Trier. "Hacksteak, Bohnengemüse, Kartoffelgratin und Panna Cotta", steht an diesem Tag auf der Speisekarte des Café Bär. Das frisch gekochte Essen für wenig Geld ist einer der Gründe, weshalb Karin Becker (59), Anneliese Graf (87) und Charlotte Karthäuser-Austgen (66) täglich in das schnuckelige Stadtteilcafé in der Bärenfeldstraße kommen. Alle drei sind Witwen und das gemeinsame Mittagessen ist ihnen heilig. "Es schmeckt gut, einer kennt den anderen, man kann sich austauschen und isst nicht alleine", sagt Becker. Selbst auf Extrawünsche gehe der Koch ein.

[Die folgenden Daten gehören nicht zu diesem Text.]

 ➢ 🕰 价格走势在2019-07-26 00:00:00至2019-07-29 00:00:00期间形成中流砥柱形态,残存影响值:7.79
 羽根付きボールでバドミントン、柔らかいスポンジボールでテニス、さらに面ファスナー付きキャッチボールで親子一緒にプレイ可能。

Gegen 12 Uhr füllt sich das Café: Mitarbeiter des Jobcenters, Handwerker, Berufstätige aus der City und Stadtteilbewohner kommen, um dort ihre Mittagspause zu machen.
Angela und Tamara (beide 19) servieren Getränke und Menüs. Hinter der augenscheinlichen Normalität eines Cafébetriebs steckt aber weitaus mehr: Im Café Bär werden die Gäste von jungen Menschen bedient, die weder Ausbildung noch Arbeit haben. Über die Servicearbeit, die Mithilfe in der Küche oder anfallende Büroarbeiten werden sie fit fürs Berufsleben gemacht.
Noch vor ein paar Monaten hätte niemand und nichts Angela und Tamara dazu bewegen können, morgens aufzustehen. "Erst seit ich hier bin, komme ich gut aus dem Bett", sagt Angela. Schließlich könne sie ihr Team und die Gäste nicht im Stich lassen. Ihr Bewerbungsfoto ziert - wie das aller 14 Teilnehmer - als gerahmtes Porträt eine Wand im Café. Auf die Gäste zuzugehen habe sie gerade am Anfang Überwindung gekostet, sagt Tamara. Mittlerweile habe ihr der Umgang mit den Kunden mehr Selbstvertrauen beschert. Der Arbeitsvermittler vom Jobcenter, Norbert Ferring, lobt: "Die Maßnahme läuft toll." Das schreibt er zum einen der Situation zu, dass die jungen Leute unter realen Bedingungen sinnvolle Arbeiten leisten und zum anderen der Leiterin. "Es muss viel geleistet werden, um die Teilnehmer marktfähig zu machen", meint Ferring.
"Bei uns steht der Mensch im Mittelpunkt", sagt Café-Leiterin Ingrid Schmitt. Eine Basisaufgabe sei, lähmende Probleme - von Süchten bis hin zu psychischen Handicaps - zu beseitigen, die Teilnehmer aufzubauen und sie zu stärken. Das Café Bär gebe ihnen Struktur im Alltag.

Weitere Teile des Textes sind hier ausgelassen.